Giving an organ or a part of an organ to be transplanted into another person. Organ donation can occur with a deceased donor, who can give kidneys, pancreas, liver, lungs, heart, and intestinal organs; and with a living donor, who can give a kidney or a portion of the liver, lung, or intestine.

Organ preservation

Methods used to maintain the quality of organs between removal from the donor and transplantation into the recipient. These methods include preservation solutions, pumps, and cold storage. Preservation times can vary from 2 to 48 hours depending on the type of organ being preserved.

Organ Procurement and Transplantation Network (OPTN)

In 1984, Congress passed the National Organ Transplant Act, which mandated the establishment of the OPTN and Scientific Registry of Transplant Recipients. The purpose of the OPTN is to improve the effectiveness of the nation's organ procurement, donation, and transplantation system by increasing the availability of and access to donor organs for patients with end-stage organ failure. The act stipulated that the network be a nonprofit, private sector entity whose members are all United States transplant centers, organ procurement organizations, and histocompatibility laboratories. The OPTN is administered by UNOS under contract to the U.S. Department of Health and Human Services.

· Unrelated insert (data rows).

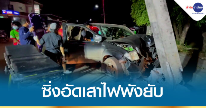 วงจรปิดจับภาพหนุ่มซิ่งกระบะชนอัดเสาไฟฟ้าข้างทาง กลางเมืองหนองคาย รถพังยับ ส่วนคนขับบาดเจ็บสาหัส
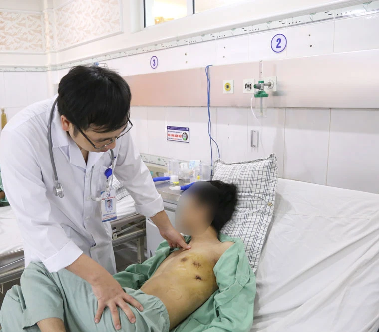 Sau khi hội chẩn, các BS quyết định phẫu thuật dẫn lưu màng phổi trái cấp cứu, hút ra khoảng 600 ml máu không đông và khí. Bệnh nhân được dùng thuốc cầm máu và theo dõi dẫn lưu màng phổi.
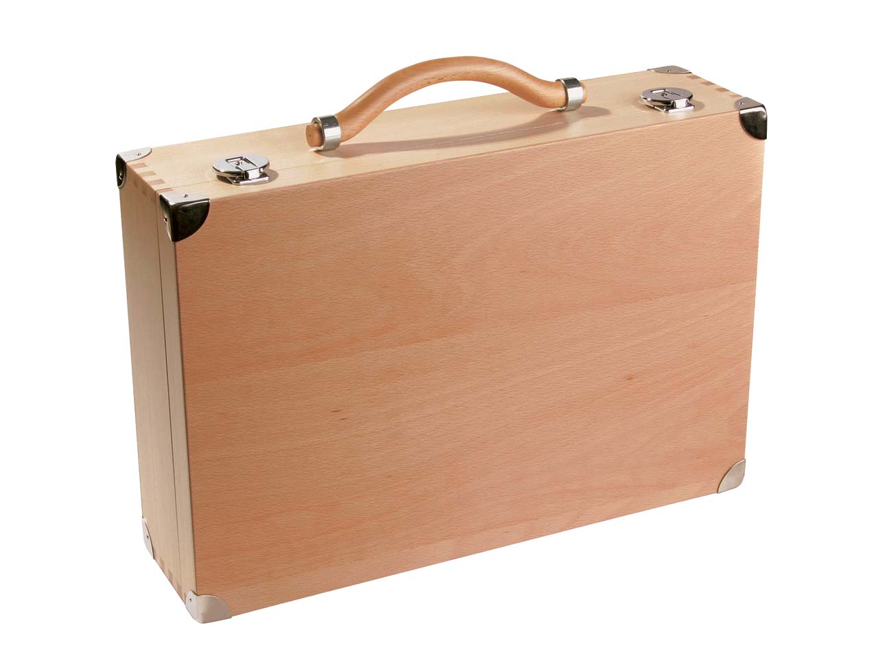 Der Moderationskoffer besteht aus massivem, ausgesuchtem Buche-Hartholz, das auf Wasserbasis lackiert wurde. Holz stammt aus regionaler, deutscher Forstwirtschaft. Herstellung in einer Werkstatt für Menschen mit Behinderung.
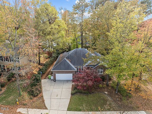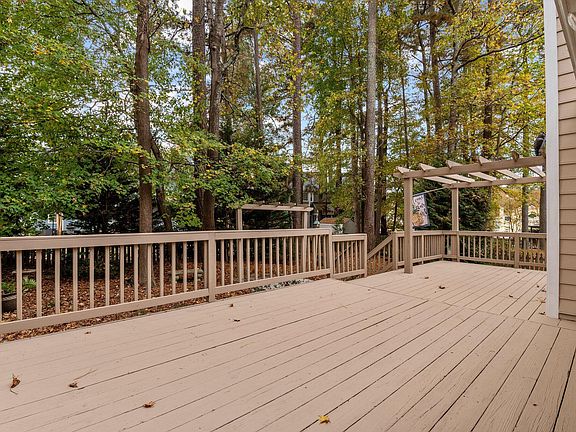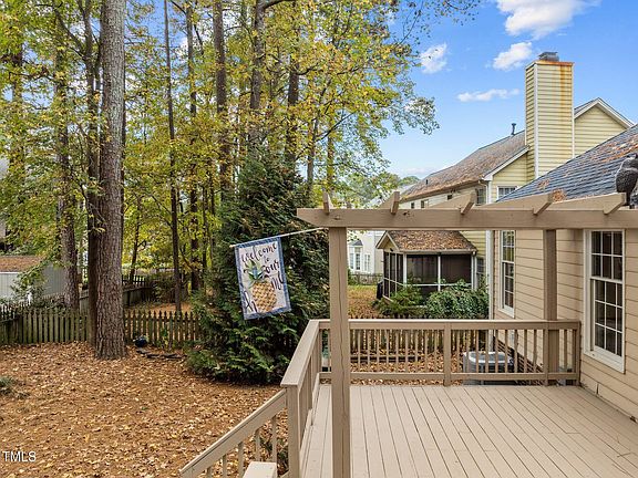 Back on the market due to no fault by the seller or property. One floor living in sought after Harrington Grove. This ranch floor plan offers 3 beds, 2.5 baths, new carpet, fresh paint, new water heater and tall ceilings throughout. The kitchen has granite countertops, open view of the living room with vaulted ceilings and plenty of counter space. The primary bedroom has a tray ceiling, luxurious walk in shower, walk in closet and water closet. The two guest rooms are on the other side of the home and the larger of the two has direct access to the back deck. The front of the home offers a formal dining room and study. This property has privacy trees in the fenced in back yard and an expansive deck. Excellent proximity to local schools, shopping grocery stores, 540 and is an easy drive to RTP. Membership to Harrington Grove Swim and Racquet Club available for an additional fee.
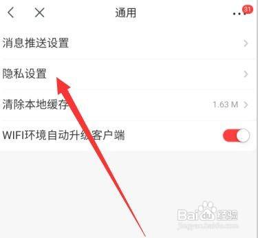 3.在通用设置中可以看到隐私设置的功能,点击进行设置.
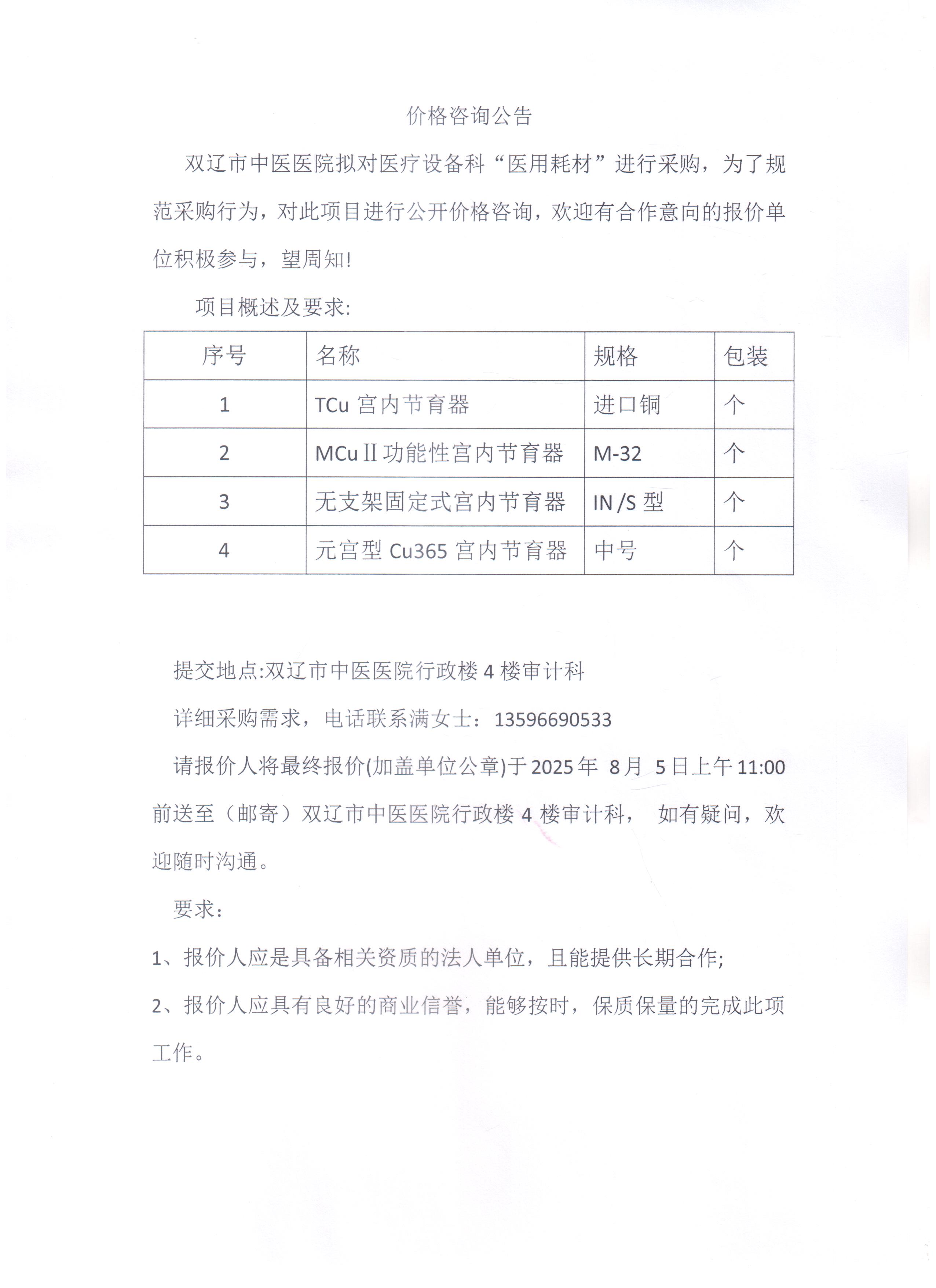双辽市中医医院医疗耗材价格咨询公告
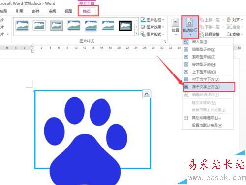 4、選中圖片,依次點(diǎn)擊“格式”>“自動(dòng)換行”>“浮于文字上方”,然后調(diào)整圖片的大小和位置。
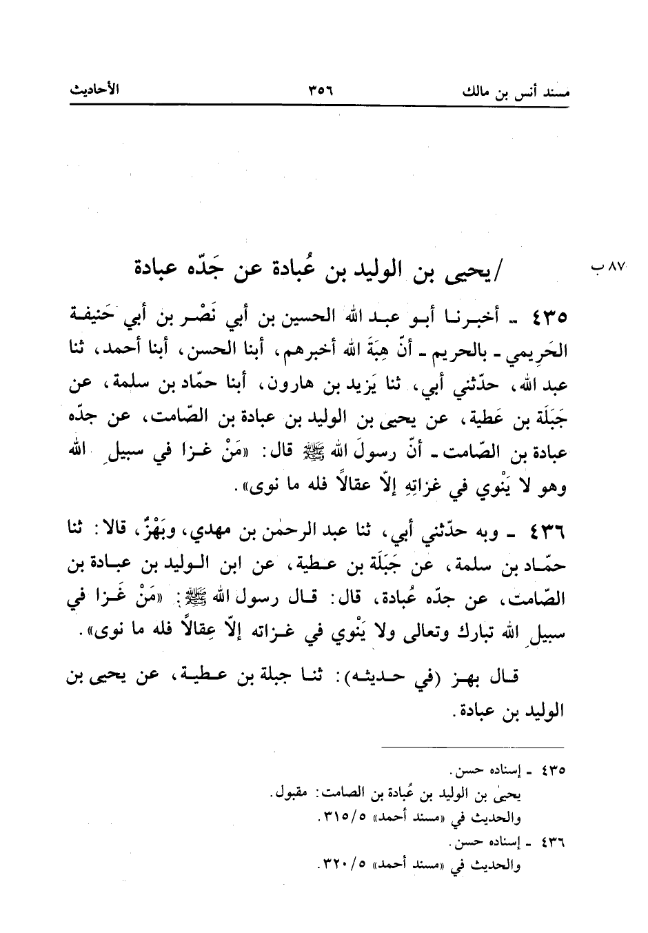436 - وَبِه حَدثنِي أبي ثَنَا عبد الرَّحْمَن بْنُ مَهْدِيٍّ وَبَهْزٌ قَالا ثَنَا حَمَّادُ بْنُ سَلَمَةَ عَنْ جَبَلَةَ بْنِ عَطِيَّةَ عَنِ ابْنِ الْوَلِيدِ بْنِ عُبَادَةَ بْنِ الصَّامِتِ عَنْ جَدِّهِ عُبَادَةَ قَالَ قَالَ رَسُولُ اللَّهِ صَلَّى اللَّهُ عَلَيْهِ وَسَلَّمَ قَالَ (مَنْ غَزَا فِي سَبِيلِ اللَّهِ تَبَارَكَ وَتَعَالَى وَلا يَنْوِي فِي غَزَاتِهِ إِلا عِقَالا فَلَهُ مَا نَوَى) قَالَ بَهْزٌ (فِي حَدِيثِهِ) ثَنَا جَبَلَةُ بْنُ عَطِيَّةَ عَنْ يحيى بن الْوَلِيد بن عبَادَة إِسْنَاده حسن

Organ Procurement Organizations (OPO)

Local organizations throughout the United States, designated by the Centers for Medicare & Medicaid Services (CMS), that are responsible for increasing the number of registered donors in their service areas, and for coordinating the donation process when actual donors become available. OPOs evaluate potential donors, discuss donation with surviving family members, and arrange for the surgical removal and transport of donated organs. To increase donor registration, OPOs implement community outreach strategies to encourage people to sign up in their state donor registry. Find your local OPO.

Orthotopic transplant

A transplant in which an organ is removed and the transplanted organ is placed in the same location.

p

Peritoneal dialysis

A process of filtering waste using the peritoneal membrane inside the abdomen. The abdomen is filled with special solutions that help remove toxins. The solutions remain in the abdomen for a time and then are drained out. This form of dialysis can be performed at home, but must be done every day.

Procurement

The surgical procedure of removing an organ from a donor.

r

Recipient

The person receiving the donated organ or tissue.

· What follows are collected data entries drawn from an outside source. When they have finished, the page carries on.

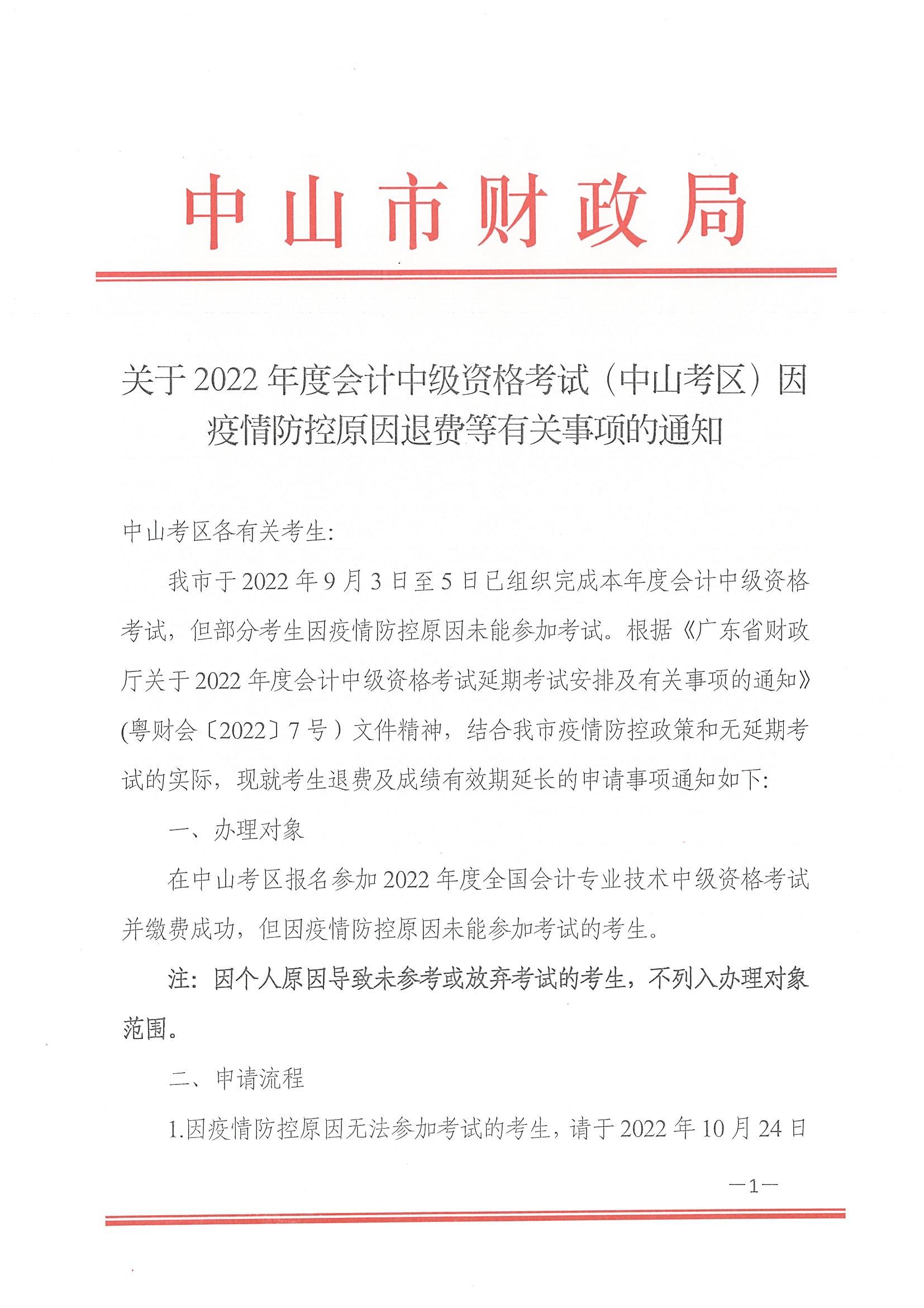 廣東省中山市2022年中級會計(jì)考試退費(fèi)及有關(guān)事項(xiàng)的通知已發(fā)布!受疫情影響,不能參加2022年中級會計(jì)考試的考生請?jiān)谝?guī)定時間內(nèi)申請退費(fèi)!詳情如下!
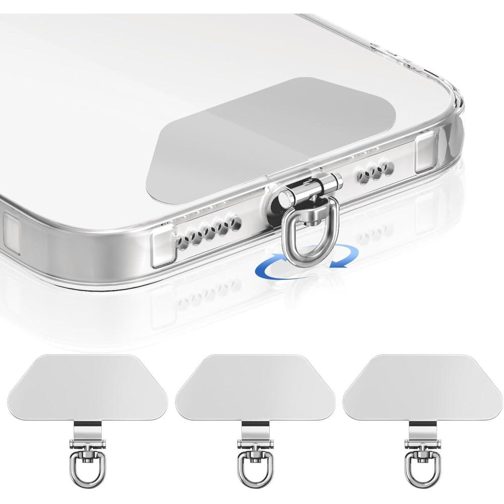 3 Pack takyu Phone Tether Tab, 360° Rotating Metal Phone Lanyard Tab, Cellphone Charm Wrist Strap Hook Holder, Ultra-thin Stainless Steel Patch Compatible for iPhone Android Smartphones
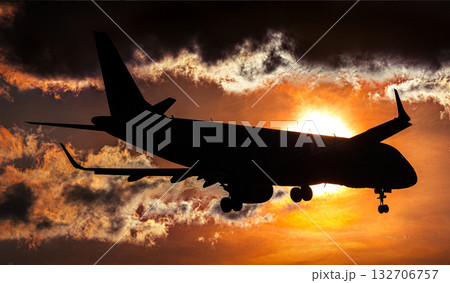 夕焼け空を飛ぶ飛行機
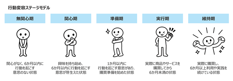 行動変容とは、人の意識によって行動が移り変わる工程です。消費者の意識は、無関心期・関心期・準備期・実行期・維持期の5つのステージに分かれています。
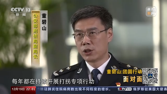 公安部刑偵局副局長 童碧山:我覺得通過今年一年的專項行動,我們在打法上在技術(shù)上在工作機制上都更加成熟,可以把它固化下來,把它作為一個常態(tài)化的工作,要一直延續(xù)下去,早日實現(xiàn)天下無拐的目標(biāo)。
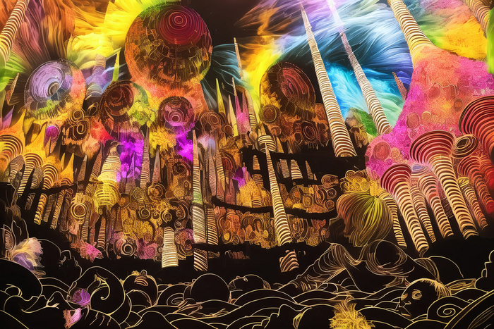 Создано с помощью ControlNet 1.1 в Stable Diffusion, как раз в процессе изучения его новых возможностей. Промпт наикратчайший: vivid colors, (cosmos:0.8)

Rejection (acute and chronic)

The body's way of protecting itself against a foreign invader, such as infectious germs. The body sees a transplanted organ as a foreign invader and attempts to destroy it. Acute rejection happens very quickly; chronic rejection is the slow failure of a donated organ to function.

Renal

Having to do with the kidneys.

s

Scientific Registry of Transplant Recipients (SRTR)

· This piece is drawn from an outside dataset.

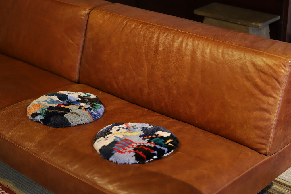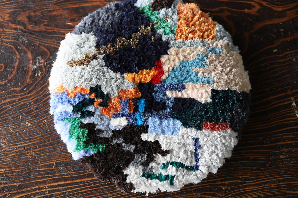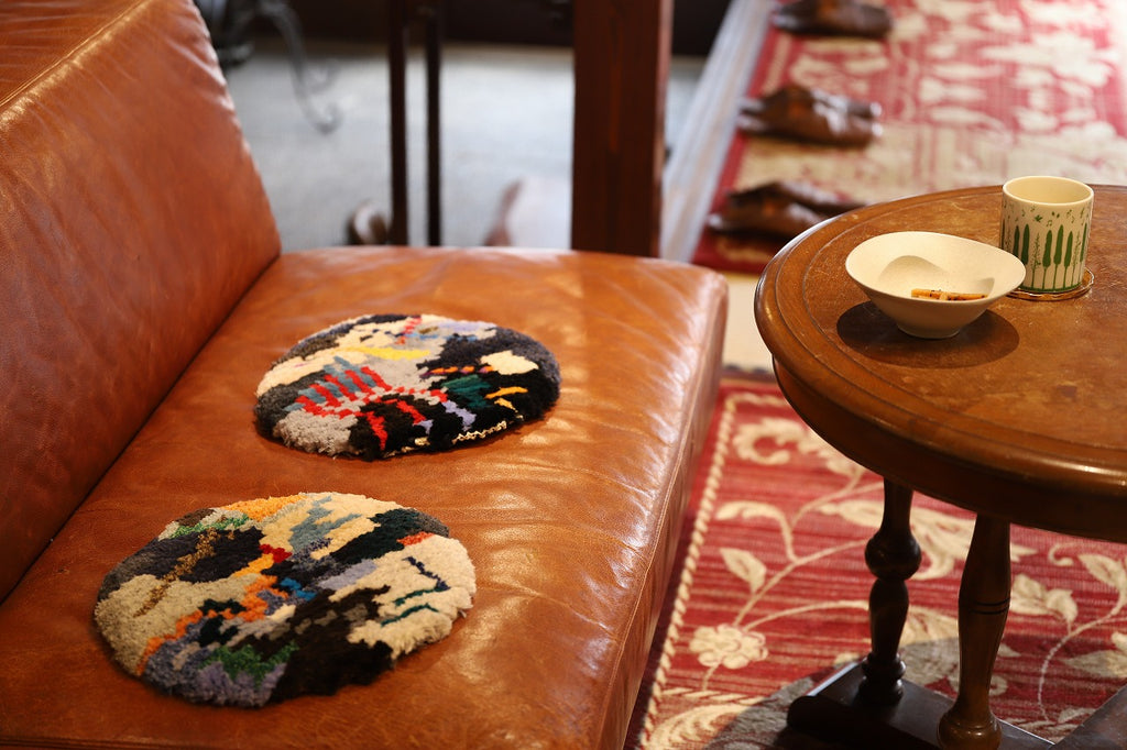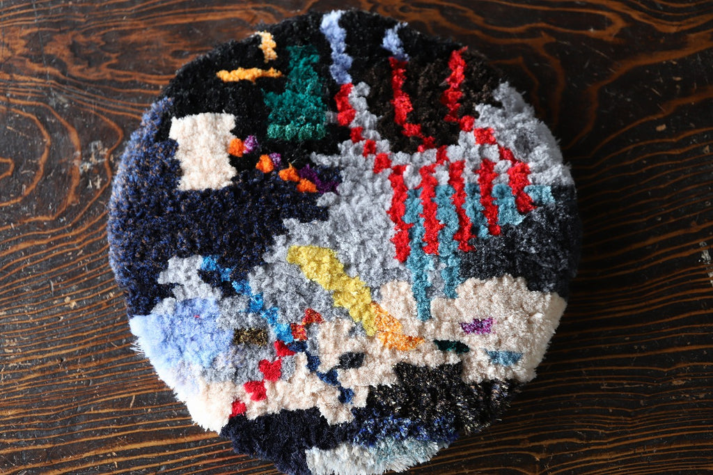 Fritt(自由に)と名付けられた丸形の椅子敷き 様々な糸をグラフィカルに配置したそれぞれ一点限りのデザインです

The purpose of the SRTR is to provide evaluation of clinical information about donors, transplant candidates and recipients, as well as patient and graft survival rates.

Status

The degree of medical urgency for patients awaiting heart or liver transplants.

Steroid

See Corticosteroid.

t

Tissue typing

A procedure in which the tissues of a prospective donor and recipient are tested to identify human leukocyte antigens (HLA).

Transplantation

The transfer of an organ from one person to another.

Transplant coordinator

A transplant center staff member responsible for managing the care and progress of potential transplant recipients before, during, and after the transplantation.

Transplant recipient

A person who has received an organ transplant.

u

United Network for Organ Sharing (UNOS)

The private, nonprofit membership organization that coordinates the national matching system. UNOS has established and continually strives to improve tools, systems, and quality processes.

v

Ventricle

The main chambers of the heart; left and right.

Virus

A type of germ that causes infection.

w

Waiting list

A national database maintained by the OPTN of all patients waiting for an organ transplant.

White blood cell

A type of cell in the blood that participates in immunity and inflammation.

x

Xenograft

An organ or tissue transplanted into a human from a non-human animal.